The folks here at Ashford took no chances when American Pharoah arrived here last fall after ending his career with a triumphant victory in the Breeders’ Cup Classic. He spent his initial weeks alongside Thunder Gulch, the 1995 Kentucky Derby and Belmont winner, now 25 years old. The old-timer’s assignment was to teach American Pharoah about life not on the run.
New stallions want to play and sprint — a lot — and company only encourages them. Not Thunder Gulch. He taught American Pharoah the finer things in stallion life, such as eating grass and whiling away an afternoon lounging atop the purplish-blue flower buds that roll over these 2,000 acres like a royal carpet.
The Hollywood version of American Pharoah’s first day at the office says that it came on Valentine’s Day. Not quite, says Calder. It was the day after, and it was filled with tension for Ashford’s breeding team. American Pharoah’s father, Pioneerof the Nile, had earned a reputation for being something of a prima donna over at WinStar Farm.

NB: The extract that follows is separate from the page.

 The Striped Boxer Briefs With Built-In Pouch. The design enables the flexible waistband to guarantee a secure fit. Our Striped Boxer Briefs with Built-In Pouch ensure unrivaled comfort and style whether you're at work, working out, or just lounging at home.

Pioneerof the Nile preferred peppermints to carrots. He was also sometimes reticent and required a whiff of pheromones from a cup of thawed mare urine to become interested. He also took his time and was prone to false starts, rocking back on his hind legs once, twice, as many as four times before consummating the relationship.
Not American Pharoah.
“Fortunately, those genes were not passed down,” said Calder, a wry smile curling on his lip.
Instead, he has been polite and determined, as well as efficient: So far he has a better than 80 percent strike rate when it comes to successfully conceiving a foal. His book of mares reads like a social registry. There’s the aptly named Judy the Beauty, the Eclipse Champion sprinter; Take Charge Lady, the dam of the 2013 champion 3-year-old Will Take Charge; and Rags to Riches, who in 2007 became the first filly since 1905 to win the Belmont Stakes.

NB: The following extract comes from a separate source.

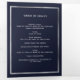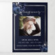An elegant tri-fold program. A navy blue background, a faux silver frame, blue florals and space for a photo. Personalise and add name, dates and your text.

When he is not at work, American Pharoah sometimes lounges in a roomy stall in a barn made from furniture-quality oak or gambols here in the bluegrass. Roaming alone in the paddock, he is framed by limestone fences, the handiwork of 20 master stonemasons, and looks every bit to the manner born.
American Pharoah has plenty of visitors — more than 3,000 so far from 45 states and a half-dozen other countries. The daily tours have been sold out for months in advance. He had two special tours earlier this week when his Hall of Fame trainer Bob Baffert came Monday and his jockey, Victor Espinoza, came Tuesday.
While American Pharoah’s first runners will not hit the racetrack until 2019, there is a strong — if very hopeful — vibe that they will have inherited the speed, mind and talent that their father demonstrated throughout his brilliant career.
Until his offspring start crossing finish lines in the afternoon, only a couple of things are certain: American Pharoah is enjoying his retirement and seems to be good at it.